Status: Experimental Prototype
This repository is an AI-assisted “vibe coding” experiment, not a finished or polished game AI.
This repository contains a small Python prototype that applies an AlphaZero-style search (MCTS + neural network) to a simplified, offline version of the StarCraft II arcade map “New Random Tower Defense”.
To avoid confusion:
- It is not a general StarCraft II reinforcement learning agent.
- It does not connect to the live SC2 client or play ladder games.
- It does not represent my low-level implementation skills in RL or deep learning.
Instead, this code runs a standalone grid-based simulation that imitates some of the decision structure of the arcade tower defense game (e.g. tower placement along fixed mob paths), in order to test an AlphaZero-style loop in a toy setting.

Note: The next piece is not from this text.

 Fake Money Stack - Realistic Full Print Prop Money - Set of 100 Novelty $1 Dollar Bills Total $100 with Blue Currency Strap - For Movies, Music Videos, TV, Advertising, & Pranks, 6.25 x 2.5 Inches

This project was built as an explicit AI-assisted “vibe coding” experiment:
-
Most of the concrete Python code was written by AI (LLMs).
- MCTS scaffolding
- Environment wrappers
- Training loop boilerplate
- Model class structure
-
My contribution is primarily conceptual and architectural:
- Describing the mechanics and constraints of New Random Tower Defense
- Proposing state and action representations (grid, lanes, tower slots)

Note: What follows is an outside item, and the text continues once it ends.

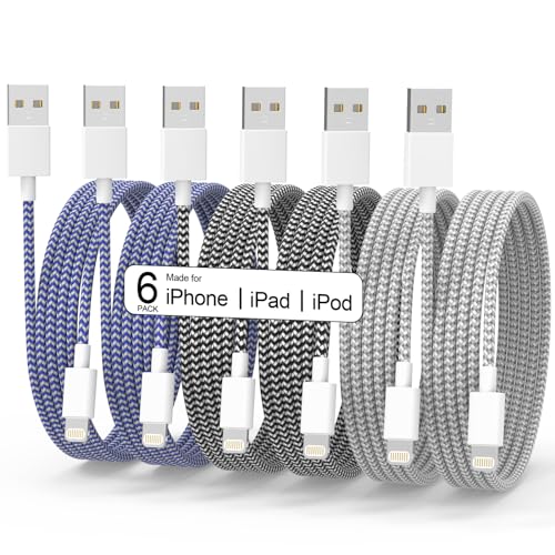 iPhone Charger[Apple MFi Certified] 6Pack(3/3/6/6/6/10FT) Lightning Cable Fast Charging Cord Nylon Braided Compatible iPhone 14/13/12/11 Pro Max/XS MAX/XR/XS/X/8/7 Plus

- Designing and iterating on reward ideas
- Steering and editing AI-generated code to roughly match those ideas
Please do not treat this repository as a portfolio of “pure hand-written RL code.”

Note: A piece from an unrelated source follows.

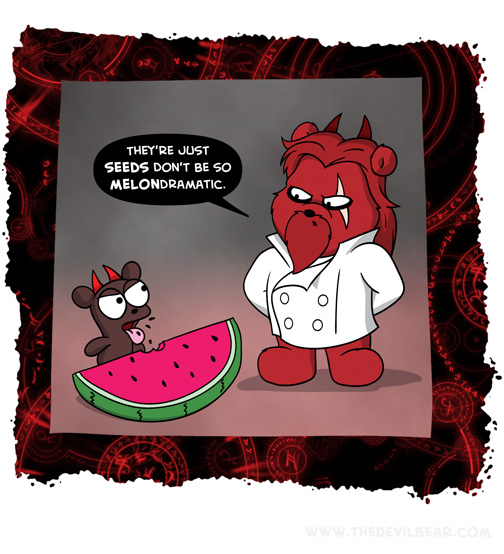 Hazards on August 22, 2023 at 12:01 am Chapter: ShortsCharacters: Bearalzebub, Teddy bear └ Tags: baking, cooking, devil, Devilbear, food, funny, hell, humor, seeds, Teddy bear, watermelon Comment

It is closer to a log of how I used AI tools to prototype and explore an idea.
The main goals of this prototype are:
- to represent tower-defense states on a discrete grid,
- to use Monte Carlo Tree Search (MCTS) guided by a neural network,
- and to see whether AlphaZero-style self-play can discover sensible tower placement policies in a simplified offline environment.
It should be viewed as:
- experimental,
- unstable,
- and primarily educational / exploratory.
Core files:
-
alpha_mcts.py
Monte Carlo Tree Search implementation:- selection
- expansion
- simulation
- backpropagation
-
alpha_env.py
Custom environment wrapper:- defines the grid-based state and action space
- encodes a simplified tower-defense reward
- tracks mob progress along lanes
-
alpha_model.py
Neural network used by MCTS:- policy head (action probabilities over legal tower placements)
- value head (estimated outcome of a state)
-
alpha_train.py
AlphaZero-style training loop:- runs self-play episodes using MCTS + current network
- stores game histories
- periodically updates the network from collected data
-
alpha_rtd.py
Example script for running the agent in a specific Random Tower Defense scenario. -
alpha_common.py
Shared helpers:- loading grid/waypoint CSVs
- configuration utilities
-
config.json
Central configuration for hyperparameters (learning rate, number of simulations, etc.).
Data files:
-
mob_path_waypoints_v2.csv
Approximate creep/mob path waypoints for the offline grid simulation. -
grid with lane and slot.csv
Grid layout specification:- lane paths
- valid tower slots
- blocked cells
git clone https://github.com/7riangle/sc2-rtd-alphazero.git
cd sc2-rtd-alphazeroRequires Python 3.8+.
If you have a requirements.txt:
pip install -r requirements.txtOr install core libraries manually:
pip install numpy pandas gymnasium torchOptionally, for plotting and progress bars:
pip install matplotlib tqdmCurrently, the code expects the CSV files to be in the repository root directory:
mob_path_waypoints_v2.csvgrid with lane and slot.csv
If you move them into a data/ folder, you will need to update the paths in alpha_common.py (and any other script that loads these files).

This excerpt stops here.